- Ghoghardiha Location in Bihar, India
- Coordinates: 26°17′00″N 86°28′00″E﻿ / ﻿26.2833°N 86.4667°E
- Country: India
- State: Bihar
- District: Madhubani

Population (2011)
- • Total: 157,224

Languages
- • Official: Maithili, Hindi
- Time zone: UTC+5:30 (IST)
- Postal code: 847402
- Telephone code: 06277
- ISO 3166 code: IN-BR

= Ghoghardiha =

Ghoghardiha is a city and a notified area in Darbhanga division, Madhubani district in the state of Bihar, India. Ghoghardiha is also a Railway Station which connects Saharsa to Laheria Sarai via Nirmali, Jhanjharpur, Lohana and Sakri.

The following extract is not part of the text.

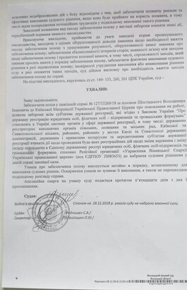 Simultaneously, Metropolitan Simeon sent a statement requesting all state registration entities to prohibit taking actions on any registration actions to change the leadership of church organizations regarding Vinnitsa eparchy of the UOC. Thus, the former ruling hierarch asks the court to prohibit the newly appointed Archbishop Varsonofy of Vinnitsa and Bar to take up his duties as a chancellor of Vinnitsa eparchy of the UOC. The court is known to have satisfied the lawsuit of the Metropolitan and forbidden changes to the Unified Register of Legal Entities regarding the management of the administration of Vinnitsa eparchy of the UOC. An appeal against this decision is filed within 15 days. According to Strana, this court decision will be immediately challenged by the UOC.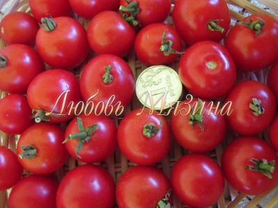 Плоды выровненные, красные, не растрескиваются, хорошо вяжут, урожайность около 1 кг с куста.

The old name of this village was Gau-ghaddi (cow home). Later became Ghoghardiha.

==Demographics==
At the 2011 India census, Ghoghardiha had a population of 157,224 (80,796 males and 76,428 females.

==Air Transport==

Darbhanga Airport is the nearest airport around 73 km away in India and Rajbiraj Airport is the nearest airport roughly 59 km away in Nepal and can be accessed by Kunauli border. One can easily take erickshaw from border to Airport. Shree Airlines operates daily flights between Rajbiraj and Kathmandu
The flight will cost roughly Rs 1,800 INR.